Best travel nurse agencies - page 3
by agatka 52,332 Views | 28 Comments
I'm thinking of pursuing travel nursing. Can anyone tell me from past experiences which agency has most benefits? :confused:(higher pay, private housing, best recruiters, locations) I'd really appreciate it.:redpinkhe I've been... Read More
- 0Jul 29 by THRN88Ned, a quick question about the whole travel pay and base salary with OT. Is it ok for a traveler to set say 30/hr base with 45/hr OT and request maximum GSA per diem rates for the area in which they are going? At least that way I would have a steady net taxable income and only my tax free per diems would fluctuate depending on where I was. Like with my first assignment starting in 3 weeks I am stuck with a 20/hr base plus 30/hr OT and my MEI is double the max on the GSA site and the housing is just shy of the max, the net take home calculates to be ok for what I need but at the time I did not know negotiating was even an option. I do not want to necessarily limit my options here, but also need to make money myself and not feel like I am being taken advantage of. I would think this would be an ok move since the bill rate is what pays the agency and then they pay me, but I do not want an attitude of you need me more than I need you, because that is not the case. Any advise would be greatly appreciated.
- 0Jul 29 by NedRNWhew, lots of jumble there. One probable typo, you meant your M&IE were half of GSA maximum?
For starters, you know all compensation comes out of a fixed hourly bill rate, right? That means all you can do with is slice it up differently. So on any given assignment, assuming best efforts at negotiation and working for an agency with the lowest gross profit margin there is, your maximum base compensation is fixed, period.
I would recommend taking a look at PanTravelers calculator and play around with it. Also read the related articles. While it is not designed for it, try changing various compensation amounts and hold the total compensation fixed. That will show you how playing with how the pie is sliced affects your take home pay without changing the cost to the agency.
So doing that with an agreeable agency would be called zero sum negotiation (my term). You will increase your pay and the agency profit remains the same. Great goal, and many agencies are willing to do just that. Why not? No cost to them and it gets them the traveler.
It just happens to be illegal. The IRS will call it recharacterization of wages (from taxable to non-taxable) if they catch an agency at it. The good news is that it is not illegal on our end, we won't owe the IRS back taxes, penalties, and interest.

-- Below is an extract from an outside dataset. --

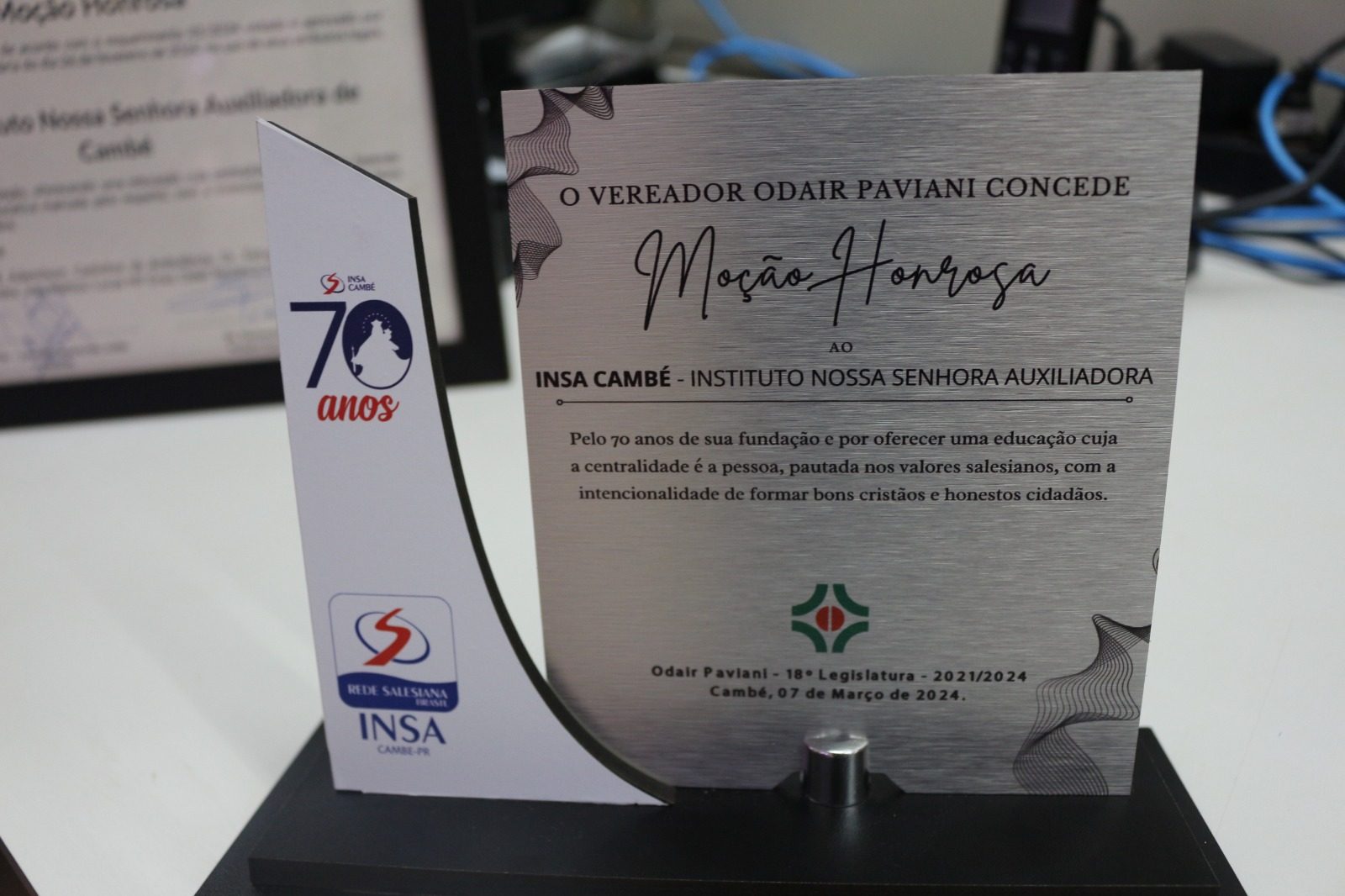 No dia 7 de março, a Câmara de Vereadores de Cambé/Paraná esteve presente na solenidade de comemoração dos 70 anos do Instituto Nossa Senhora Auxiliadora (INSA), realizada no ambiente da própria escola, no Espaço Auxiliadora.

Generally, the IRS cannot even catch agencies at it directly (unless the negotiation of recharacterization is documented), but from a big picture perspective they can garner enough proof to force the agency to mend their evil ways, and they are indeed slowly forcing all agencies to behave.
So all this looks like gobble-de-gook to you and I appear to be dancing around your straight forward question, right? Wrong. Nice clear answer, no you cannot dictate your compensation terms to an agency, compensation depends directly on their bill rate at that hospital and their gross profit margin. Period. What I told you was exactly how to work around the issue to maximize your pay. That's what you want, right?
One more tidbit of information here: M&IE come with a tax burden to an agency. You can receive it tax free, but it is not tax free to an agency. As a result, I've never seen an agency max it out, ever. The same is not true of provided housing (or stipend), the agency can max it out without extra cost, which is exactly what you are saying is happening (less typo). This IRS crackdown alluded to above has caused a new rule that applies to agencies: if housing is provided on a tax-free basis, M&IE must also be paid, at least 40% of the combined lodging/M&IE total. It is exactly in this way that the IRS is cracking down on most wage recharacterization in our industry, there is a tax consequence to doing so.
That is a lot to take in but here is a quick review:
- Fixed bill rate per agency, per hospital.
- Fixed gross profit margin per agency (based on their cost of doing business, and business model).
- Fixed total compensation for the traveler, per assignment.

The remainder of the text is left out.